Monday, Feb. 20, 1956
Mr. Baseball
Robert E. Lee had just won a great victory at Fredericksburg when Cornelius McGillicuddy was born at East Brookfield, Mass, on Dec. 23, 1862. Soon after President Garfield was assassinated on July 2, 1881, Cornelius was beginning to be called Connie Mack, a name that fit handily into a baseball box score. Young Connie was a catcher--one of the young game's best. He was in Pittsburgh as manager of the Pirates when Coxey's Army marched on Washington in 1894; he was manager of Milwaukee in the Western League when Dewey took Manila in 1898. And when MacArthur landed at Inchon in 1950, Mr. Mack was still at the ballpark. He was 87, and he had been manager of the Philadelphia Athletics for half a century.
It was an accomplishment simply to have lasted through the roughneck growth of baseball into its age of respectability and glory. But Connie Mack did more than survive: he changed the game.
Behind the Plate. As a string-straight teen-ager refugee from a shoe factory, Connie learned his trade in a day when pitchers lobbed the ball underhand and catchers grabbed it on the first bounce some 15 ft. back of the plate. It was all too soft for Connie. His only equipment a fingerless kid glove, Connie walked out to the mound one day and told his pitcher to fire the ball overhand. The unexpected stunt almost started a riot among the fans, but the style stuck.

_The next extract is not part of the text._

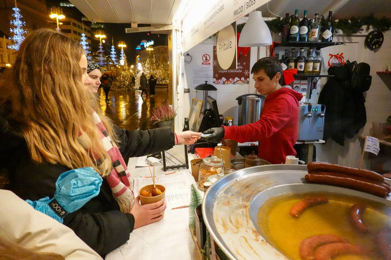 Klobasice, ki veljajo za nepogrešljiv del adventnega doživetja, stanejo sedem evrov za kos, medtem ko so hrenovke nekoliko cenejše – štiri evre.

Then Connie moved up right behind the batter. That close, he could not resist the temptation to tip bats and trip batters. A good catcher but not a great one, he was tricky and tough enough to move up through the bush leagues into the big time. In that era of fierce competition and low salaries (he got $200 a month in 1886), Connie jumped from the solidly entrenched National League to the short-lived Brotherhood, then to the Pittsburgh Nationals, where he played until 1893, when a broken ankle sent him on to an unparalleled career as manager.

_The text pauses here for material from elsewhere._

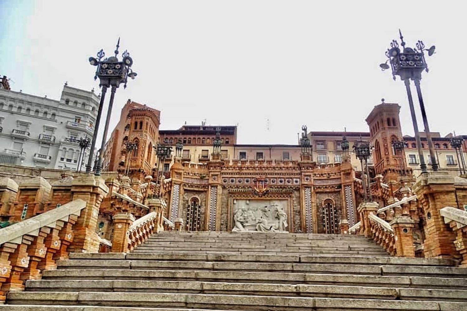 The Escalinata del Paseo del Óvalo or staircase of the Paseo del Óvalo is one of Teruel’s most emblematic monuments. It was built between 1920 and 1921 to connect the gap between Paseo de la Infanta Isabel (now Paseo del Óvalo) and the street of the Central Aragón Railway Station. With this monumental construction, it was intended to provide the city with a proper access from the station, as well as to showcase architectural and decorative elements drawn from the local Mudejar tradition and modernism. The staircase is ultimately the epitome of Teruel for the traveler arriving in the city and is currently the key work of Teruel’s Neo-Mudejar architecture.The staircase was inaugurated on June 5, 1921. Its extension runs perpendicular to the Paseo del Óvalo and overcomes the existing 26-meter gradient. The Staircase is structured in three distinct sections, connected by two small plazas. The first section begins at the station, crosses the Station Gardens or Botanical Gardens, almost without ascending, and reaches a small square with a central green space. The second section consists of seven sections that lead to a viewing plaza presided over by a large fountain and a relief dedicated to the Lovers. Finally, the third section divides into two semicircular staircases that surround the viewing plaza and end at the Paseo del Óvalo, topped by two towers.

At the turn of the century, when his old friend Ban Johnson decided to take a crack at the majors, Connie gladly took on the job of organizing a competitor for the Philadelphia Nationals. Ruthlessly raiding the opposition, Connie signed up such great stars as Nap Lajoie and Lave Cross. By 1902 he had an American League pennant contender in the Philadelphia Athletics. Then the Pennsylvania Supreme Court barred all the league jumpers from playing for him. Connie was probably the only man who did not believe the A's were through. He remembered a hard-drinking, eccentric southpaw pitcher named Rube Waddell, then dividing his time between baseball and bottle-belting in California. With Rube's help, Connie whipped the league.
That was the first of nine pennants. By 1914 Connie's A's had won three World Series; his "$100,000 infield" (Stuffy Mclnnis at first, Eddie Collins at second, Jack Barry at short and Home-Run Baker at third) was the pride of baseball. Then the A's were humiliated in a 4-0 series with the Boston Braves. Furious, Connie broke up his team, traded his high-priced players for cash. Philadelphia finished with one foot in the cellar for seven consecutive seasons.
Business on the Field. Any other manager would have been fired. Connie owned his team. So he hung on, scouted for rookies, traded shrewdly for established stars. Neatly garbed in a business suit, he was a part of every ball game in Shibe Park. The A's might lose, but it was worth the price of admission to watch Mr. Mack wigwagging signals to his outfield with a rolled-up score card, a bath towel around his thin neck, his famous straw hat hanging near by.
In an often rowdy business "Mr. Mack," as his players called him, remained a gentleman. Rumor had it that his harshest expletive was a mild "Goodness gracious!" In fact, he could spit out an angry "Damn!" when occasion demanded, and he could stand up verbally to the toughest man on his team. Somehow, his excited love for baseball never suffocated under the tall, stiff collars he wore long after they went out of style.
In the late '20s, with a team that included such superlative players as Al Simmons, Lefty Grove, Jimmy Foxx and Mickey Cochrane, Mr. Mack worked his way back toward the top. In '29, '30 and '31 he won his last three pennants. This time the Depression forced him to break up his team. Not until 1948 did the hapless A's get back in the first division. By then, even Mr. Mack's players paid less and less attention to his frantic scorecard signals; Al Simmons called most of the plays from his third-base coaching box. Still Mr. Mack hung on. "If I quit," he said, "I'd die in two weeks."
He quit in 1950 and lived on. Proudly, he counted his five great-grandchildren, but most of his friends were gone; he had passed through the dreary years when an old man watches his world die around him. Last year even the Athletics left him; their franchise moved to Kansas City. Sick at heart from the bickering that marked the sale of his team, laid up with a broken hip, his mind drifting steadily toward the past, the old gentleman was still Mr. Baseball. Even young men who had never seen Connie Mack on the field understood how much had passed when he died in his sleep last week at 93.